(RECORDS SHOWN)

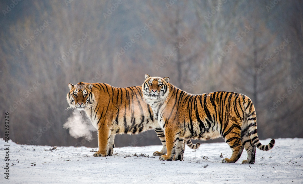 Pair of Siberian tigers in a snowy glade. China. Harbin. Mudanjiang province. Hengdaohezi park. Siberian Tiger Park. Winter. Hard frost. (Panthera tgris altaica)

(End RECORDS SHOWN)
(RECORDS SHOWN)

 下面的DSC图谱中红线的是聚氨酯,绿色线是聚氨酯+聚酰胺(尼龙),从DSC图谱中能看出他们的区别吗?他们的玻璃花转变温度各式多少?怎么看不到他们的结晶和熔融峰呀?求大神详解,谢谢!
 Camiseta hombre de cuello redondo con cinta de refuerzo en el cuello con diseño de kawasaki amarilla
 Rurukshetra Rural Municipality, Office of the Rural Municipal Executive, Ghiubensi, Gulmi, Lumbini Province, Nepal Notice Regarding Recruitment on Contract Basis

(End RECORDS SHOWN)

The exact lines of the material above starting at the one that contains "下面的DSC图谱中红线的是聚" and ending at the one that contains "Rurukshetra Rural Municipality, Office" are what to retype; leave out everything else.

 下面的DSC图谱中红线的是聚氨酯,绿色线是聚氨酯+聚酰胺(尼龙),从DSC图谱中能看出他们的区别吗?他们的玻璃花转变温度各式多少?怎么看不到他们的结晶和熔融峰呀?求大神详解,谢谢!
 Camiseta hombre de cuello redondo con cinta de refuerzo en el cuello con diseño de kawasaki amarilla
 Rurukshetra Rural Municipality, Office of the Rural Municipal Executive, Ghiubensi, Gulmi, Lumbini Province, Nepal Notice Regarding Recruitment on Contract Basis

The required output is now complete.